Turning the tables | slacktivist
Friend of mine sells houses. Her job involves a lot of conversation with customers, and doing her job well means conversing with them in a way that reassures them and makes them feel comfortable.
Occasionally, those conversations take a turn that makes her uncomfortable, suddenly switching into a category we might describe as white people talking to white people when they’re sure there’s no one but white people around. She’s had clients blurt out some appalling things, hateful, ignorant, infuriating statements about African Americans, Asians, Hispanics, gays … you name it. In another context, a non-work setting, their comments would likely have prompted a sharp rebuke from my friend, likely something withering, pointed and laced with just the right amount of profanity.
But that sort of response isn’t an option in the context of her work, where she’s required to keep her cool, to be unfailingly polite, friendly and cheerful.

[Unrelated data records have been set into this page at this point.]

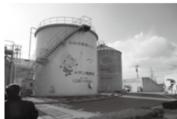
福岡県大木町おおき循環センター「くるるん」のメタン発酵槽

また、生ごみの減量化、剪定枝・間伐材などの地域資源の有効利用のため、現在、本市で粉碎した剪定枝チップをサンブルとして研修先へ送付し、油化実験を進めている。今後は、この実験結果を踏まえ施策の参考とする考えである。
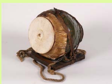
Lončeni bas vrbiškega `zeljenega Jurija`
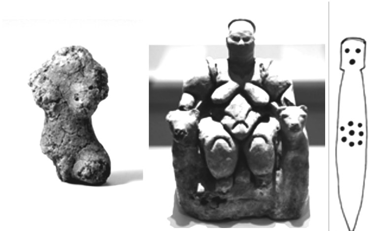
좌로부터 <그림1> 울산 신암리유적 출토 여신상, <그림2> 차탈휘육 신석기유적 출토 여신상(터키), <그림3> 웅기 서포항유적 3기층 출토 여신상 모사선화

서포항유적 3기층 출토 골제 여신상에서 성기가 강조되었다는 사실은 신석기시대에서 청동기시대에 걸쳐 다수 제작되는 한국 암각화 유적의 여성 성기 표현과 연결된다는 점에서 주요한 의미를 지닌다. 울산 천전리 암각화 기하문에는 여성 성기를 표현한 사례들이 다수 보인다(그림4). 7) 천전리 암각화의 기하문 암각은 청동기시대 작품으로 편년된다. 8) 이를 감안하면 청동기시대에 이르면서 생명 출산과 재생의 주체인 여신을 나타내는 방식의 하나로 여성 성기 표현이 선호되었다는 해석도 가능해진다. 9)

In that context, she’s developed some various other ways of responding. One trick she sometimes uses is to talk about food.
That doesn’t apply in every case, but it works pretty well, for example, for transforming the dynamic of a conversation in which some client has expressed their fear, unease, or flat-out, bald-faced, xenophobic hate in response to the number of South Asian immigrants in our area. My friend acts as though she completely missed the unambiguous animosity of her client’s comment and begins to gush, with cheerful enthusiasm, about the many excellent Indian restaurants in the area and about her one client — lovely woman, a biochemist — who gave her a family recipe for naan bread. Have you ever had naan? I mean the real stuff not store-bought it’s delicious you have to try it I could give you that recipe if you want I’ll bring it Thursday or samosas have you ever had really good samosas?